I am bit unsatisfied with the priority queue solution and think its probably wrong . Suppose you are popping from the minHeap , obviously its the min value , but a case may arise that the index you are currently at , the index of the minimum element which we are currently at and the element that is popped from the minHeap may have the same index in actual so thats a problem , because we are accounting the minimum at that point but we are excluding it in the sum and that is not acceptable .
example :
nums1 = [5,3,2,1]
nums2 = [4,3,2,1]
k = 2
so at the third index , we remove 2 from the minHeap of the nums1 array , but we are accounting the 2 from the nums2 . and that is where the case may be wrong .
cause we need the indices of the subsequence , the order may be any for the subsequence but the indices must be same .
And also i am confused how we are tracking the indices , cause everything seems to be out of track , cause there is no place of working with subsequence indices
Can anyone explain me this part , how we are tackling the indices part and how we are going for the solution without considering the min and its index if the same index occurs for that element .
Please help me , i didnt understood nicely and i am confused
In your example at the third index we first pop min from heap which is 3, and then include 2 for calculation, and take max of current result and previous result. Then 2 is pushed into heap
U a Maximum Subsequence Score God
If anyone still having issues or confusion after watching the video, here is a simplified version.

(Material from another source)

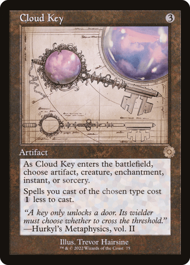 The cost reduction applies only to generic mana in the cost of spells of the chosen type you cast. — To determine the total cost of a spell, start with the mana cost or alternative cost you're paying (such as a flashback cost), add any cost increases (such as kicker costs), then apply any cost reductions (such as that of Cloud Key's ability). The mana value of the spell is determined by only its mana cost, no matter what the total cost to cast that spell was.

This also includes why the above approach works
After sorting the created pairs of nums1 and nums2 based on descending order of nums2, we iterate on each element of array of pair
If we have not considered 'k' elements yet, we simply 'push to minHeap' and add 'currPair.num1' element to sumTillNow.
However, if we have considered 'k' elements, we do the following and here's the intuition behind that.
For current Pair, we know in currPair.nums2 will be the min element till now in nums2 which satisfies the later condition of our equation. This means we have to pick the same index element in nums1. So out of 'k' elements, we have picked 1 element and need to pick 'k-1' elements before this index. Since we need to maximize sum of 'k-1' elements, we use minHeap to remove minimum element from sum and thereby maintaining sum having maximum value since it will be consisting of 'k-1' max elements till current index.
Who could even create this problem. I find it so difficult to understand even watching the solution.
it is hard ig. :)
"medium"
After figuring out it is like medium..because this question has no strong COUNTER-HUMANITY logic behind this...